Together, the duo first started a computer technology company in the early 1990s, before quickly expanding in the areas of trade and real estate. Popoviciu is best known for bringing popular American brands such as Pizza Hut, KFC and Swedish giant IKEA to Romania. In 1994, he launched the first Pizza Hut franchise following by KFC in 1997. In 2007, he opened up the IKEA franchise, turning him into one of the richest and most powerful men in the country.
He also expanded into the hotel business, buying Howard Johnson, Ramada Plaza and Ramada Parc. Together the three hotels bring in around €29 million ($3,53,17,360 approx) according to one 2009 report. But the real crown jewel of his real estate portfolio is the Baneasa real estate project. Dubbed 'the largest real estate investment in Romania', it is believed Popoviciu owns a considerable amount of space, which is also what led to his downfall.
Corruption allegations and Biden's involvement
In early 2001, the then-Mayor of Bucharest Traian Băsescu signed off on a deal to hand over land to Popoviciu for the Baneasa project. Reportedly, that deal cost the state over €1 billion ($1,21,78,40,000 approx), and later became the subject of an extensive investigation by the National Anticorruption Directorate. In 2009, he was detained and named as one of the accused in the corruption scandal.
According to reports, Popoviciu acquired the land illegally through various shell companies, then began re-purposing land that belonged to a local university. In 2017, a court sentenced Popoviciu to seven years in prison, but he fled the country for the UK at the time. He then surrendered in London and was released on £200,000 ($2,83,247) bail. It is around this time that Hunter reached out to Freeh. It's not clear how Hunter knew Popoviciu, in the email he simply says that he had "grown close" to Popoviciu. Hunter added, "He is in my estimation a very good man that's being very badly treated by a suspect Romanian justice system."
That email was sent in 2016 when Hunter was working for Boies Schiller Flexner LLP. He refers to Popoviciu as a "client", so it is likely that the firm was representing Popoviciu in some legal manner. "Time is of the essence and my client has never balked at bringing whatever team it takes together at whatever cost to obtain justice," Hunter wrote. At the time, Freeh was no longer working with the FBI, but the emails show he reached out to colleagues in a bid to help Hunter.

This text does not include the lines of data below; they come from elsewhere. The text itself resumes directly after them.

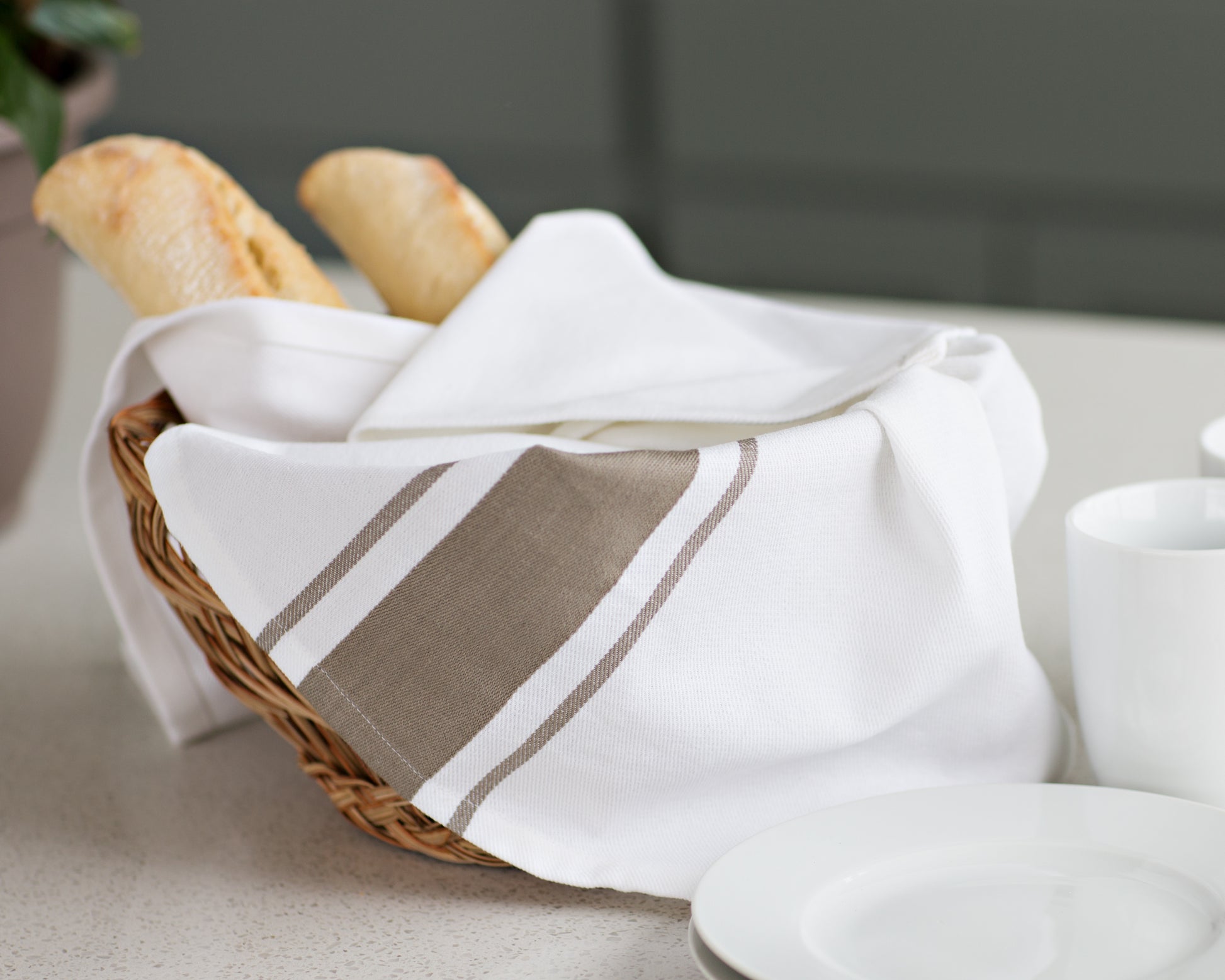 Large Set of 12 Striped Cotton Drill Tea Towels in Two Colours
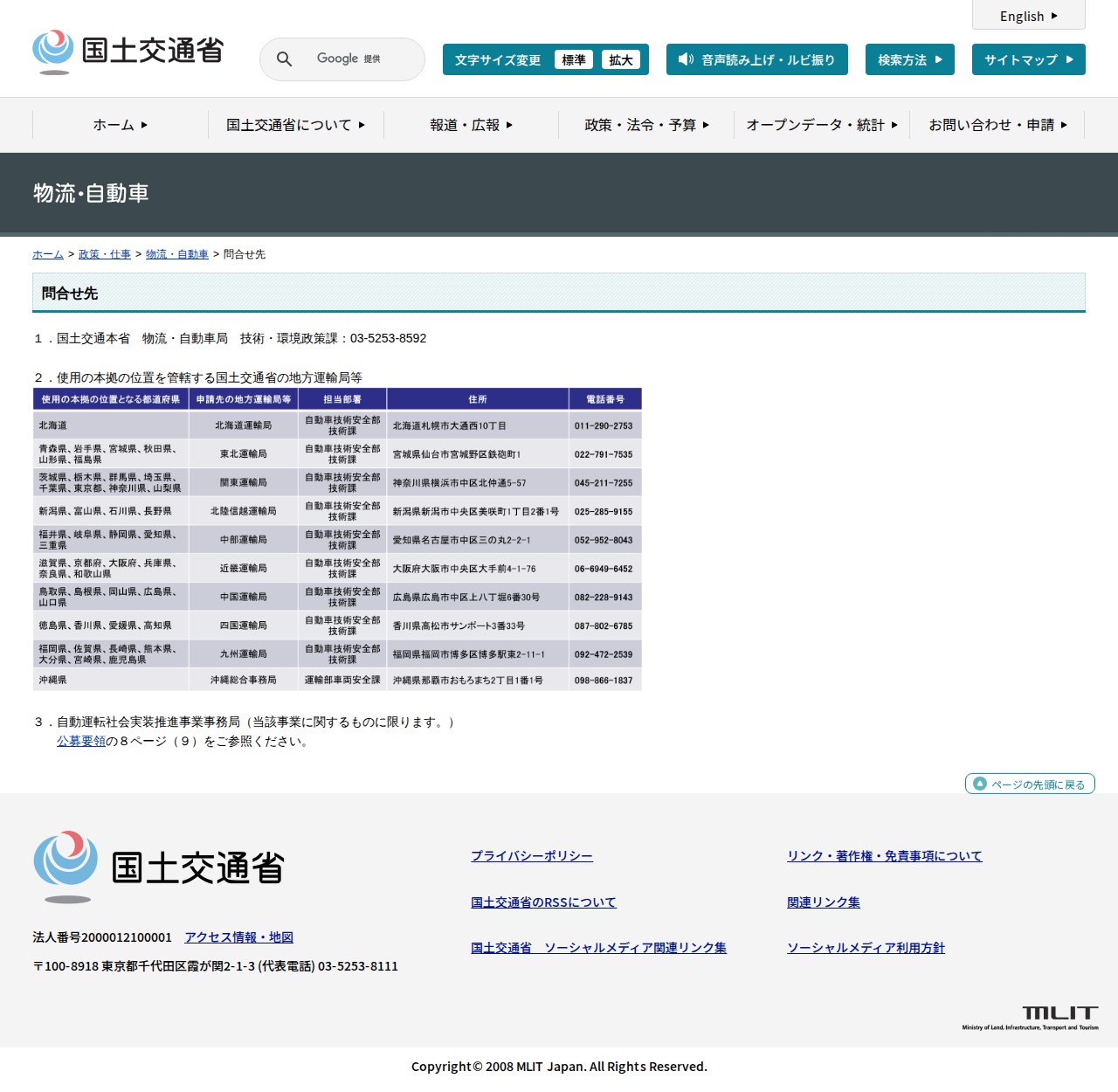 物流・自動車:問合せ先 - 国土交通省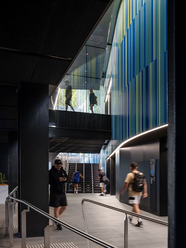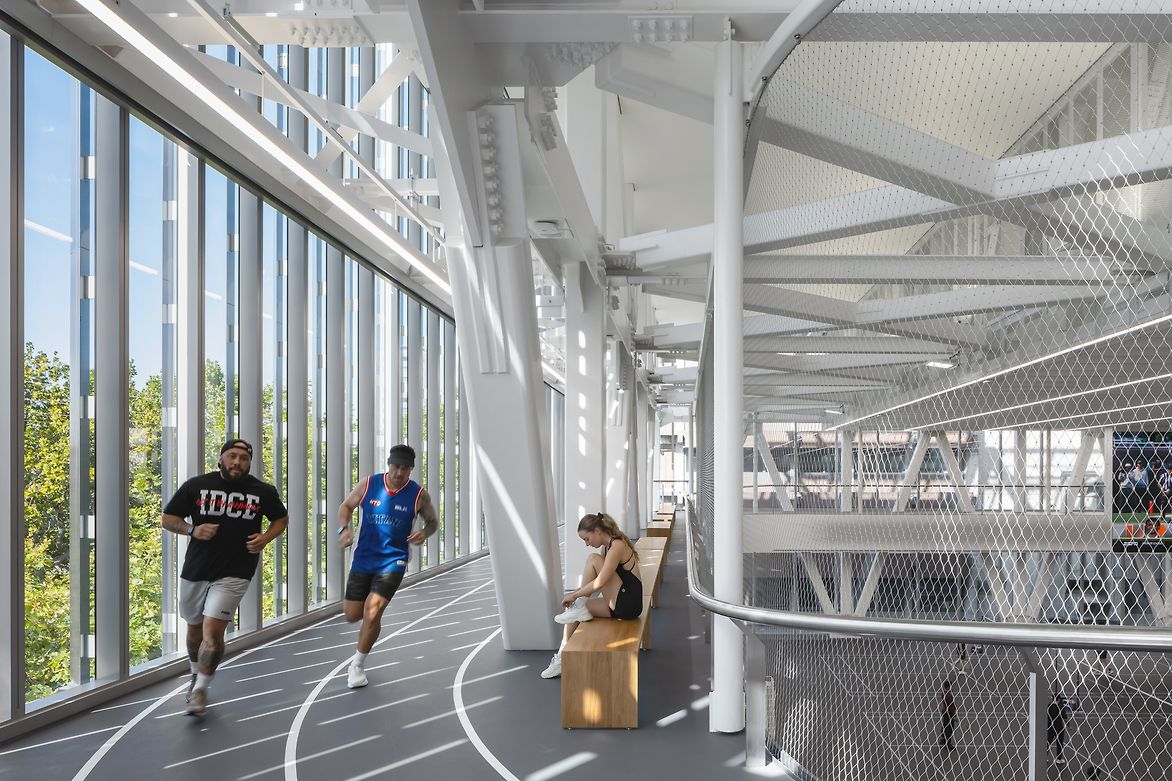 It delivers a world-class range of recreation and wellness spaces in an innovative vertical configuration: a below-ground aquatic hall, squash courts, group fitness areas, weight and cardio facilities, dance and yoga studios, a rock-climbing wall, multi-purpose sports halls, a major show court with spectator seating, and rooftop turf and relaxation spaces.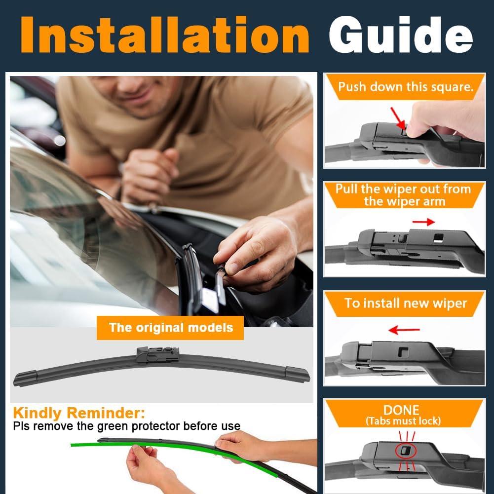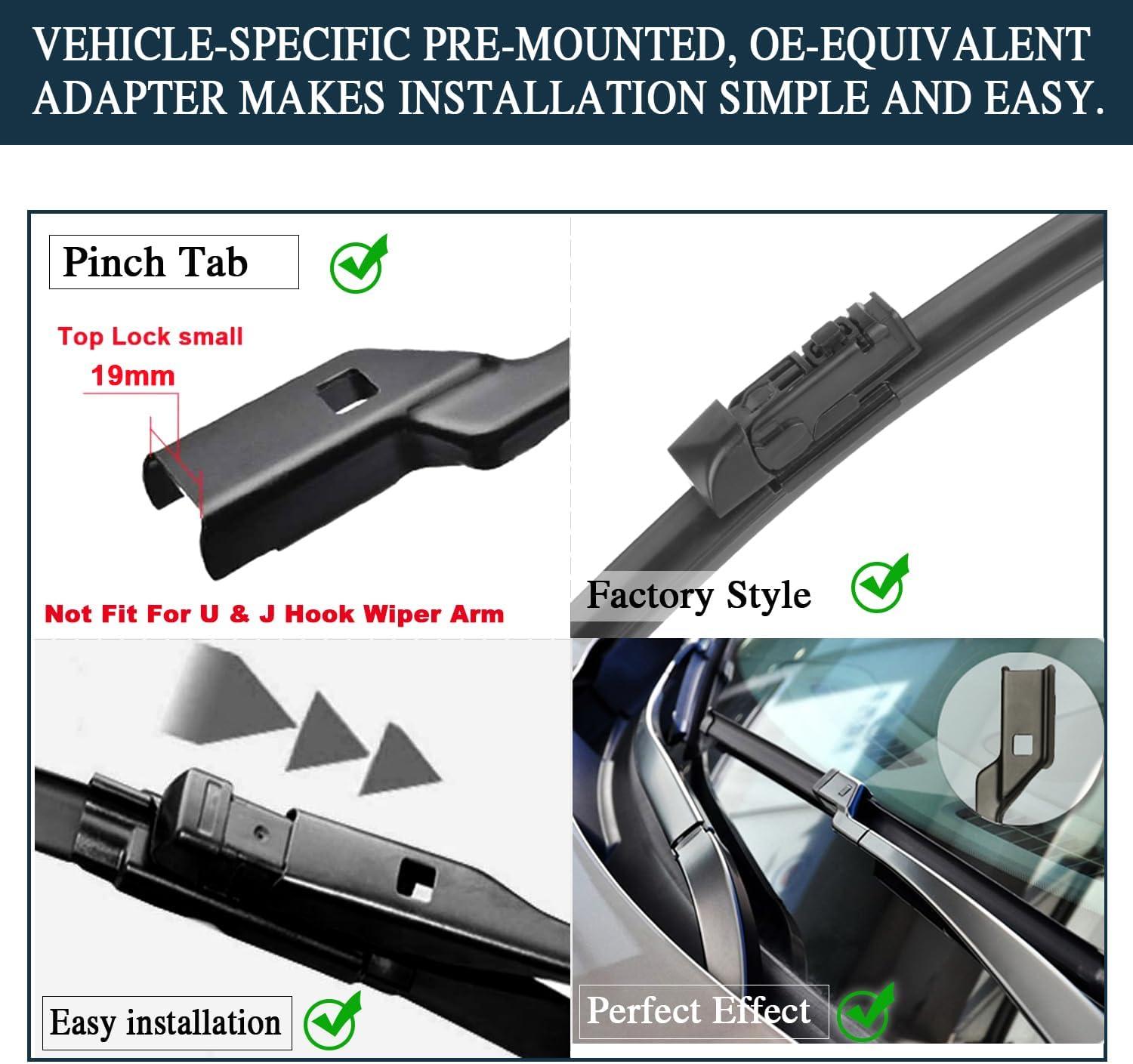 【EASY-TO-INSTALL】 Quick and easy to install. fit perfect to your car, like the original parts. It’s installed to the wiper arm by Top Lock.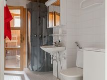 - Sauna, sähkökiuas, kylpyhuone, suihku, peilikaappi, pesukoneliitäntä, lattialämmitys, pyyhekuivain.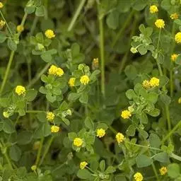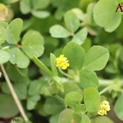 天蓝苜蓿(学名:Medicago lupulina L.)是豆科,苜蓿属多年生草本植物。高可达60厘米,全株被柔毛或有腺毛。主根浅,须根发达。茎平卧或上升,多分枝,叶茂盛。羽状三出复叶;托叶卵状披针形;小叶倒卵形、阔倒卵形或倒心形。花序小头状,总花梗细,挺直,比叶长,密被贴伏柔毛;苞片刺毛状,甚小;花冠黄色,旗瓣近圆形。荚果肾形,表面具同心弧形脉纹,被稀疏毛,熟时变黑;有种子1粒。种子卵形,褐色,平滑。7-9月开花,8-10月结果。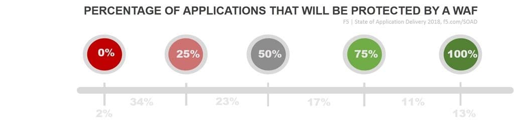 Somewhere in between lie the bulk of organizations, with 34% protecting a quarter or less (1-24%) of their applications. Those apps are likely akin to the Hot Gates. They are the most visible, the ones you promote and advertise. They’re the ones that see the most traffic and are, logically, the most likely route of attack.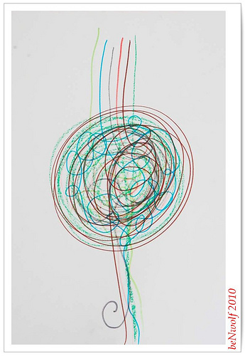 流過。刮擦的方式將簡單的線條給弄糊了,刻意保持距離的線條也因此而有了交流,不再是獨立的圈。人參呀~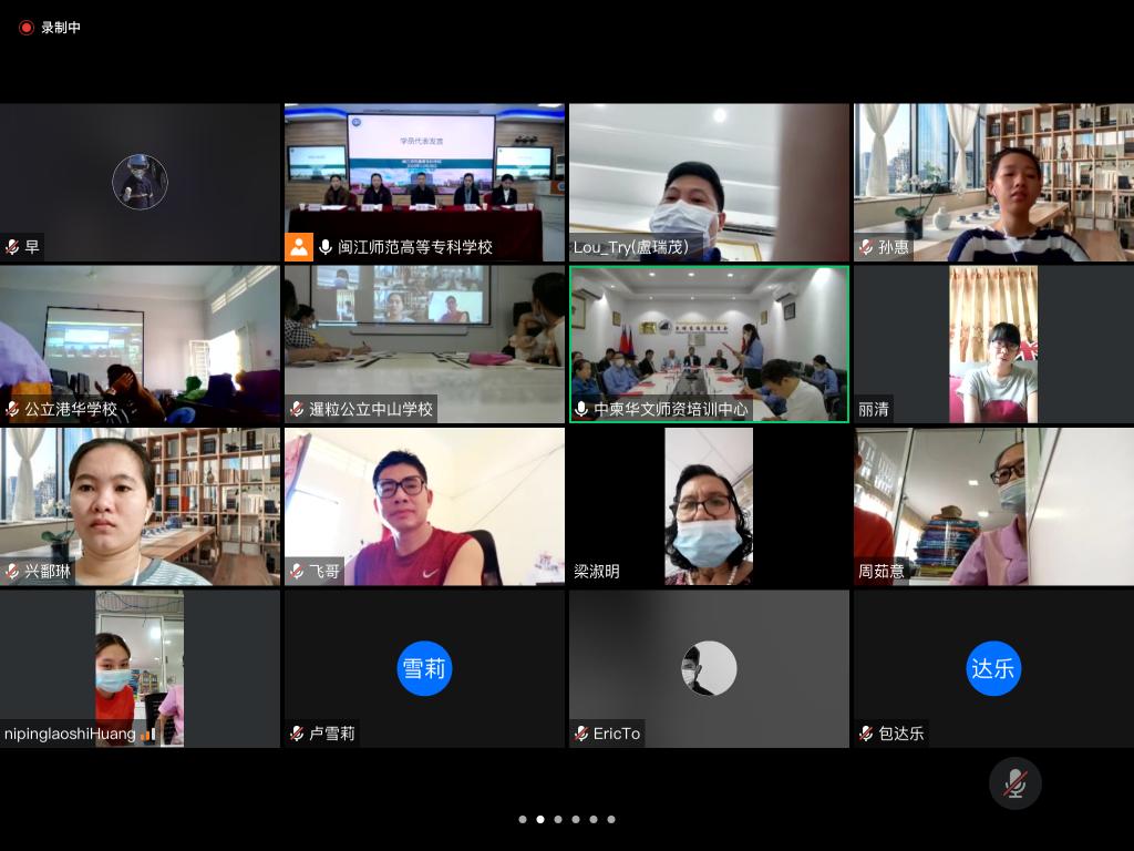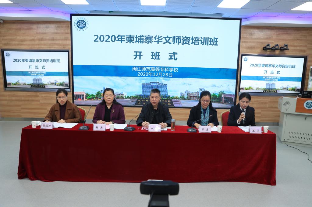 12月28日上午,由福建省侨联主办,大赢家体育app下载承办,福州市侨联协办的“2020年柬埔寨华文师资培训班”开班仪式,在闽江师专(福州)和柬埔寨福建总商会(柬埔寨金边)通过网络连线顺利举办。闽江师专校长林贤、福建省侨联文化交流部部长齐志、闽江师专副校长林旻、柬埔寨福建总商会会长、中柬华文师资培训中心理事长邱国兴、柬埔寨柬华理事总会副会长、柬华理事总会文教处蔡伟华、柬埔寨福建总商会执行会长黄可锦、柬埔寨柬华理事总会理事符鸿英及省市侨联相关部门负责人等参与了开班仪式,来自柬埔寨的华文教师学员在线观看了开班仪式。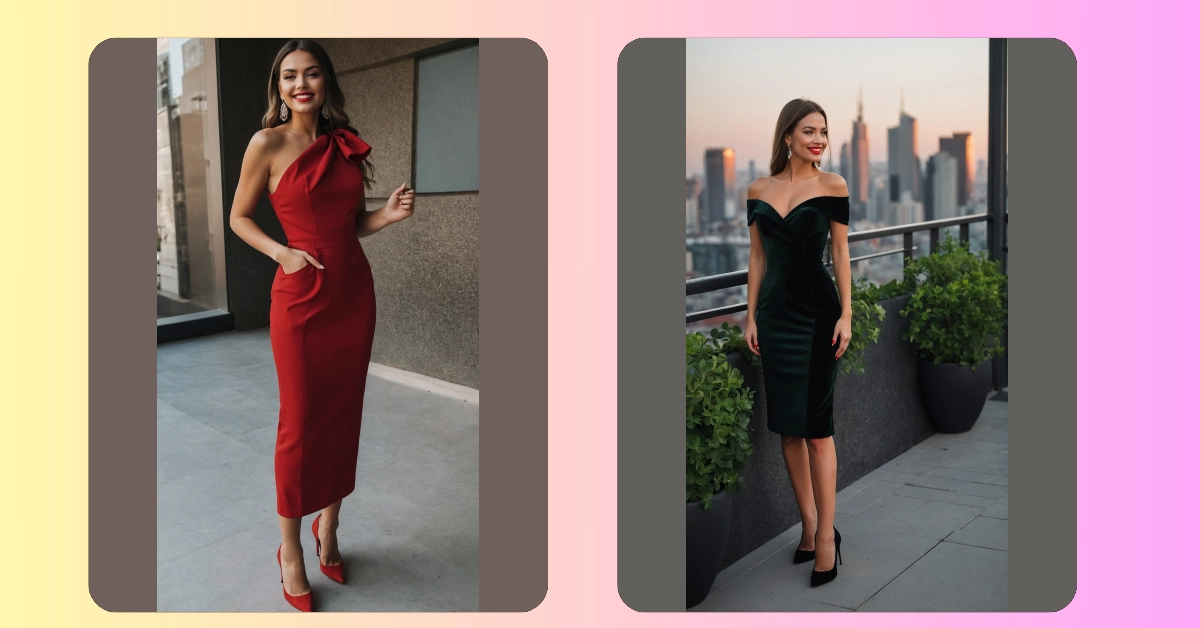 It’s pretty clear she’s not just chilling at home in this outfit, with that cool green wall and twinkling lights setting the scene! But that’s the awesome thing about red casual outfits for women – they can totally bridge the gap between “just hanging out” and “ready for a fancy-ish night.” This dress, with its comfy-looking cut (even with those heels!), shows how red can make you feel amazing and ready for anything, whether you’re out with friends or just looking to add a pop of cheerful color to your day. Plus, who doesn’t love an outfit that brightens up the room just by existing?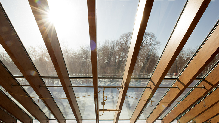 The building harnesses solar energy through photovoltaic cells hidden on the flat roof. These maximise the opportunities to benefit from the warming effect of sunlight, use natural daylight for viewing the Collection and in turn, reduce energy consumption.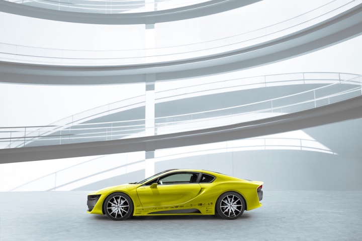 What else? Well, it has a Harman Connected Car technologies infotainment system that learns the preferences of its user over time, preventing the need for repetitive manual satnav inputs and so on. The dashboard is made out of lightweight polymers. An electrical heating system is drafted (if you'll forgive the clunky terminology) in to make the interior warmer, with a battery pre-heating and auxiliary climate control. The battery pack can be used as a stationary energy storage unit as a secondary function. A Mica 'industrial minicomputer' is on board, to record the drivetrain data and send it on to an independent company, for analysis and records-keeping. Much of the car's features can be controlled by a smartphone, while it features radar and car-to-x comms systems. And it's even permanently connected to SIX, the Swiss stock exchange, allowing for 'on-the-go' secure transactions in the Ʃtos - you can even pay people smaller amounts, or tips, by swiping the exterior mirror. Because that's an essential we've always felt modern cars are missing: a mirror-based tips-paying set-up.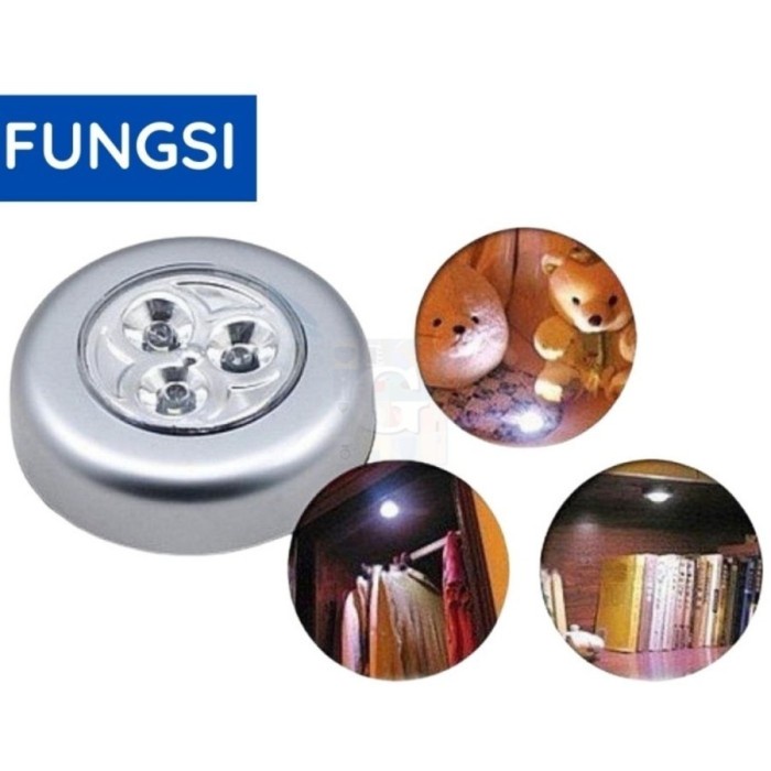 Bisa dipasang dimana saja indor dan outdor Dengan selfadhesive sticker, bisa ditempel di kayu. plastik, metal, kaca, dll 3 LED Tanpa kabel, aman, bisa untuk lampu emergency, bisa di taruh di tas, kantong, mobil, dll Menggunakan 3 AAA Battre (tidak termasuk dalam paket)

Freeh replied to the mail, "I will see my good friend Ron Noble (former SecGen INTERPOL), in NY on Thursday, and most likely he knows this DNA (Romanian National Anti-Corruption Directorate) prosecutor, Laura Codruta Kobesi, very well. Let me talk to him and see what the possibilities may be to meet with her and to initiate a dialogue which would remediate the situation."
In a later email, Freeh revealed, "I have had conversations with the head of the FBI’s Criminal Division and there is a sincere Bureau interest in meeting and debriefing Gabriel on other matters he may be willing to discuss." He did not elaborate on what those 'matters' were. Freeh also asked Hunter for "a small payment to you for this referral-and for your continuing work on this matter." It is unclear how much Hunter was paid, but that chain led to Freeh saying he wanted to explore "future work options" with Biden.
But despite the two men's efforts, Popoviciu was still sentenced in Romania. It is believed that Freeh then enlisted the help of Rudy Giuliani, which ironically led to the emails being leaked. The leaks also exposed Freeh and the $100,000 donation he made to a Biden family trust, in a bid to woo POTUS. Reports also indicate the federal investigation into Giuliani is probing the Romania connection, which further connects Freeh to the disgraced former New York mayor. It's unclear if Hunter's name has come up during that investigation.